TWISTED

   I’ve talked about my hip issues for a while. My visit to the doctor earlier this week was kind of surreal. Apparently the pain , especially on the right side is caused from my pelvis twisting and not in a great way. I can only guess what has caused my hips to have this issue but that isn’t really important.

My options are PT, core/palates, or an ultra sound guided shot into my hip joints. PT is out because I simply DO NOT have the time.  I’ve had a couple of shots in my hip and they hurt like hell, so the idea of going to a specialist to receive another shot, deeper than the previous ones is also out. I don’t tolerate steroids at all. It throws me off-balance and brings out the worst in me. It’s something I’m not going to put myself through.

I’m left with core and palates training. This is supposed to help because it will engage my large back muscles and tighten them up. This should help with the pain and to keep my pelvis from twisting and it’s supposed to help relieve the pain I’m in daily.

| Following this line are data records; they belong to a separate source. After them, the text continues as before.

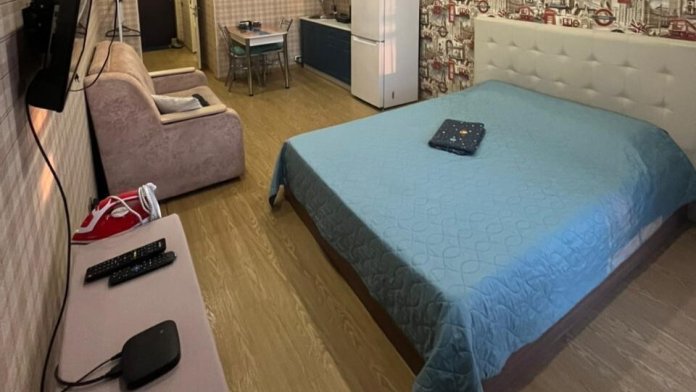 - Студия с двуспальной кроватью и мини диваном отличный вариант для отдыха и проживания с детьми.
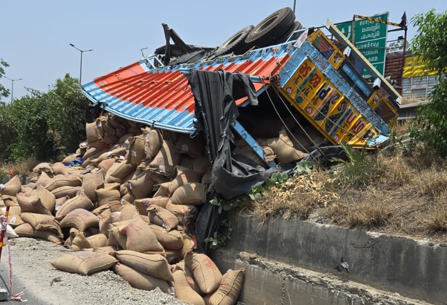 ਲੁਧਿਆਣੇ ਤੋਂ ਜਲੰਧਰ ਆ ਰਿਹਾ ਚੌਲ਼ਾਂ ਨਾਲ ਭਰਿਆ ਟਰੱਕ ਪਲਟਿਆ
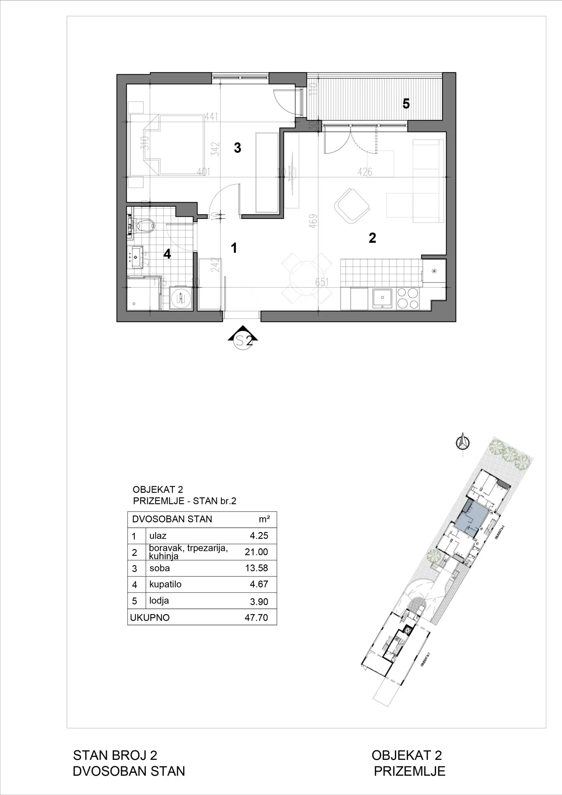 | Prizemlje | Stan 02 | 47.70 | 2600€/m2 | dvosoban | Prodato | Pogledajte nacrt |
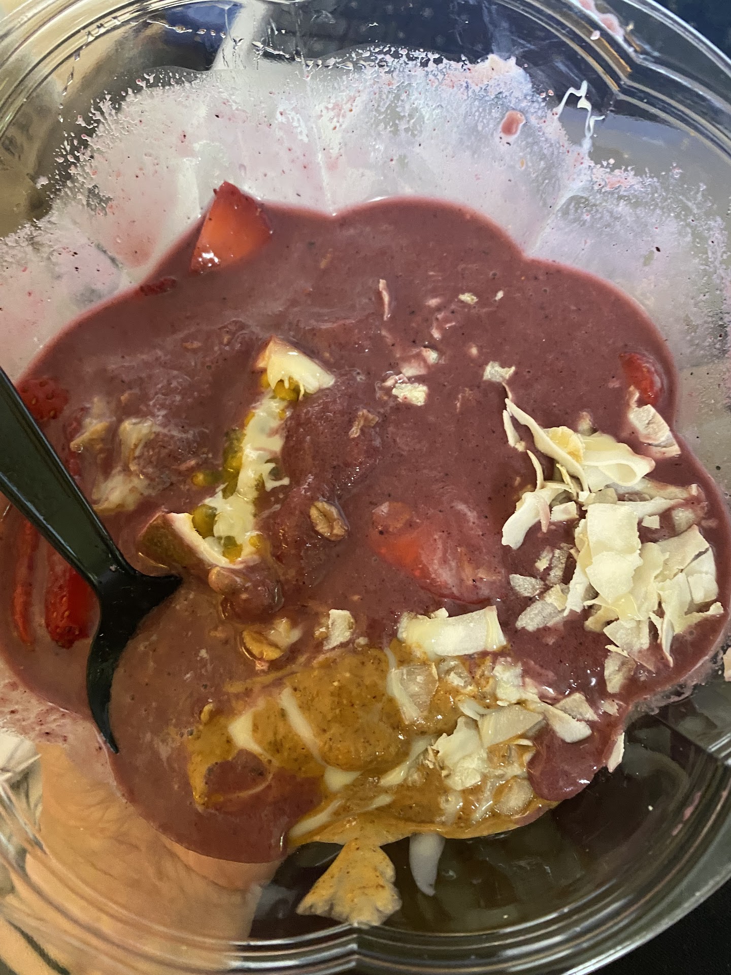 I asked to taste the acai base and learned that it’s a blend. This is almost always a red flag. I asked if it was a smoothie and she assured me that it would be thick enough to eat with a spoon. She was nice to allow me to remove one of the items from the base (banana). The other items mixed in were strawberry and blueberry. When I got the bowl, the acai tasted like flavored ice from being thinned out, as I expected. The granola also was mixed into the base instead of sitting on the top as in a usual bowl. Thinning out the base with cheaper items can definitely be a smart business move, if customers are still satisfied. However, I would’ve rather not paid $17 which is on the upper end for an acai bowl. For reference, I live in LA where acai bars are abundant. It can range from $9-15, depending on the size, unless you add extra toppings (usually in excess of 4). The ones with cheaper prices are known to blend their base, giving a watery smoothie effect. I’m not sure of the amount of options for acai here nor the shipping cost, considering this is on an island. The price of $17 may be necessary. However, it’s not an indication of the quality you’re getting.

They say you get used to hurting and since I can only take extra strength tylenol by choices are limited. I can’t take nsaids (motrin, aleve etc…) because I have no stomach acid to break them down since the gastric bypass. Most of the time I can deal with it but there are days when it gets a little out of hand. These days I only take pain meds when absolutely necessary and that usually just makes the pain tolerable.

I have no problem putting in the work to get things working the way they should. I don’t ever want to have to deal with a hip replacement. I’ve known too many people who’ve had things replaced and they have never fully recovered and live with as much pain as before.

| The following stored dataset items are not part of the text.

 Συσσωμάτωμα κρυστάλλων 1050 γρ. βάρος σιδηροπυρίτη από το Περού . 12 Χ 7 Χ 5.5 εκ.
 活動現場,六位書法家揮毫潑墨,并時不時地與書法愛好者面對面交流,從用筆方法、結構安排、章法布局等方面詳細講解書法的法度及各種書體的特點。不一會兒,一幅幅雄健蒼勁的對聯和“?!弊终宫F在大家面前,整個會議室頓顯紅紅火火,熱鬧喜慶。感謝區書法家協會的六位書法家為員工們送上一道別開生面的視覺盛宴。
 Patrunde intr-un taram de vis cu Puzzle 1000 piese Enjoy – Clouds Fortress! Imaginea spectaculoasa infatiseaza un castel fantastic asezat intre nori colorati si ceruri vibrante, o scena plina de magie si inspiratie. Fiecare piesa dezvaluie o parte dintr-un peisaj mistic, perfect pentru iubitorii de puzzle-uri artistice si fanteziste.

I’ve just hit my prime and have no intention of stopping some of the things I really enjoy more than I’ve ever done so before.

Yeah, it’s a pain that I’m going to use every alternative treatment I can find to get some relief and not have it dominate my world. One of the big things I’ve learned this year is to really take care of myself. To relax – which is much easier now that the kids are almost grown. I refuse to live the second half of my life in pain, in a bad mood or waiting for things to change.

I’m a big believer in that if you don’t take care of yourself you can’t possibly enjoy life. Eventually you will succumb to the aches and it’s hard to be happy when you’re fighting pain.